With aggregate sales projected to grow by more than 50% between 2018 and 2022, and earnings possibly on track to hit $13 per share by 2022, Alexion's shares today could be an exceptional bargain in the rare-disease space.
The business is stronger than the stock
Chuck Saletta (Regeneron Pharmaceuticals): Imagine a company trading at less than 13 times its anticipated earnings that has far more cash than debt on its balance sheet. Now, imagine that the same company is expected to be able to grow its earnings at a decent 8% annualized clip over the next five years.
Investors would normally expect a company with financials and a valuation like that to be an industrial titan or some similarly stable stalwart. In the high-flying world of biotechnology, this sort of fiscal profile is unusual, so when you find one, it's certainly worth looking at. Regeneron Pharmaceuticals is that rare biotech.
Its relative bargain share price is an artifact of some operational challenges the company has faced over the past few years that took the bloom off its rose. Its anticipated growth rate stalled, shrinking its price-to-earnings ratio accordingly. What matters to today's investors, however, isn't where the company's stock has been, but where it's going. While nobody can predict that future with any degree of certainty, what is clear is that Regeneron's shares no longer have tremendously fast growth baked into their price.

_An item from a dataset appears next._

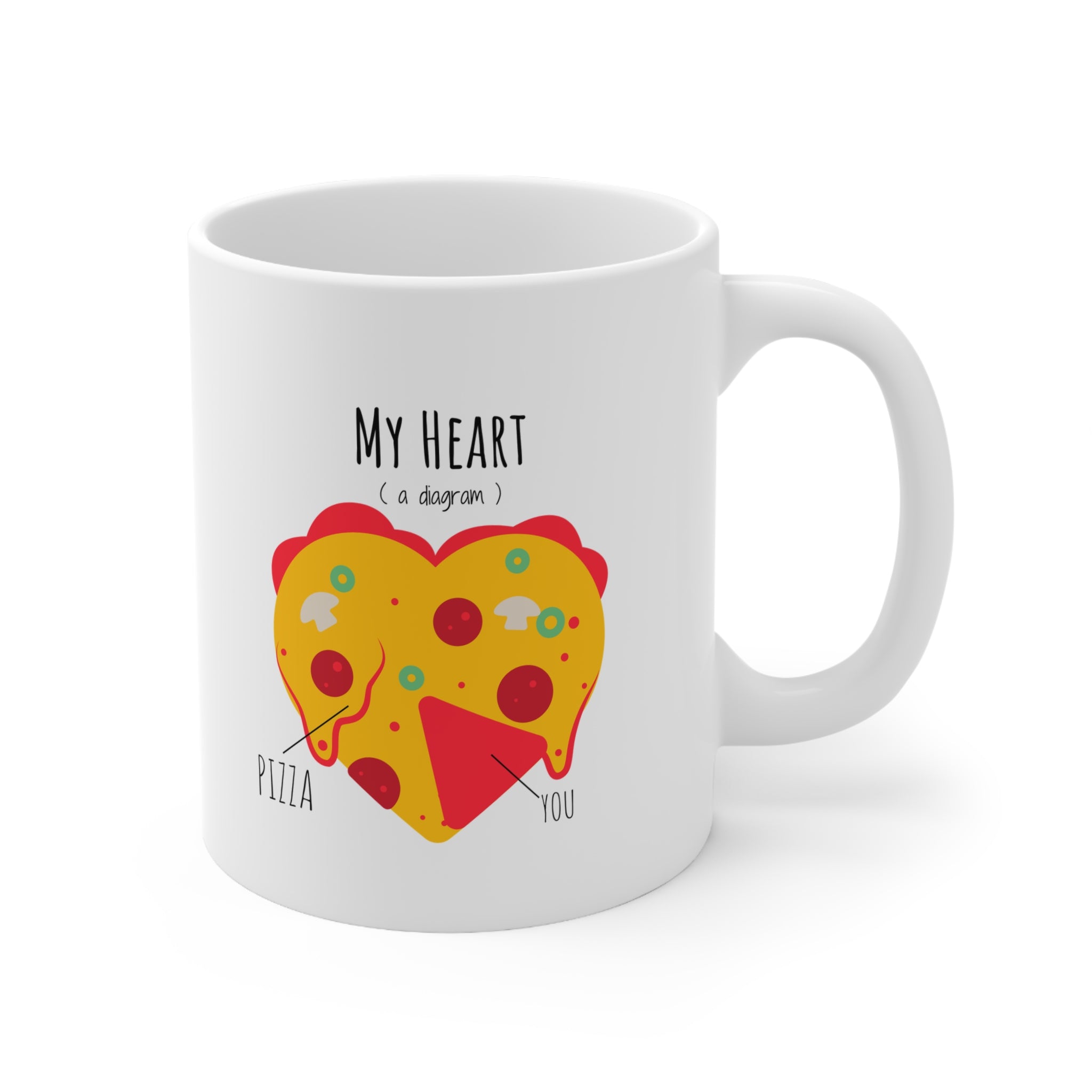 This “My Heart (a diagram)” mug features a hilarious pizza heart design showing exactly what matters most — pizza… and you.

That market pessimism provides the seed for potentially strong returns, particularly since Regeneron has a solid pipeline of candidate treatments in various clinical trial stages.. That pipeline -- with products intended to address cancer, asthma, allergies, cholesterol, and Ebola -- provides reason to believe the company can continue to drive some level of growth over time. Today's investors have a shot at a decent return even at modest growth levels.
A platform biotech
Brian Feroldi (Ionis Pharmaceuticals): It's not possible for investors to know which drugs will be winners and losers when they are still in the development stage. That's why I tend to shy away from money-losing biotechs whose fate rests in the hands of a single candidate compound. Instead, I'd rather bet on a biotech that is creating a drug development platform that can provide it with dozens of shots on goal. This is exactly why Ionis Pharmaceuticals is one of my favorites.
Ionis Pharmaceuticals develops new compounds using its homegrown RNA-based drug discovery platform. The company has already succeeded at bringing a handful of drugs to market, which supports the theory that its technology is the real deal. What's more, Ionis has struck numerous partnership agreements with some of the biggest biotech and pharma companies on the planet. Those deals have filled the company's coffers with cash, and enabled it to produce adjusted operating profits in each of the last four years.

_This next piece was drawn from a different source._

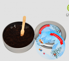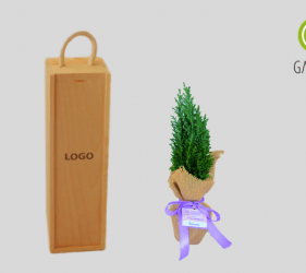 Chcesz się dowiedzieć, co jest w środku? Zestaw składa się z niewielkiego cyprysika, który może być namiastką świątecznego drzewka. Jego ogromną zaletą jest to, że nie jest wymagającą rośliną. Może stać w biurze, domu lub na zewnątrz – w ogródku albo na tarasie. Aby podkreślić ekologiczny charakter upominku, drzewko jest owinięte naturalną jutą i przewiązane śliczną wstążką. Ponadto w świątecznym pudełku zapakowana jest herbatka, której aromat rozgrzeje nawet największego zmarzlucha oraz miód w eleganckim słoiczku.

Ionis' growth is currently being driven by a spinal muscular atrophy drug called Spinraza, which is being commercialized by Biogen. Ionis earns a royalty each time the drug is sold, so it doesn't have to worry about dealing with doctors or insurers directly.
The company's pipeline also offers reason for optimism. Ionis has more than 40 compounds in various stages of development and expects to have at least 10 of them in late-stage trials within the next few years. Four will be in pivotal trials before the end of 2019. That's a lot of potential.
In total, Ionis boasts multiple sources of revenue, is already producing profits, and has dozens of candidates that could turn into winners in the years ahead. That's a situation that should intrigue any biotech investor.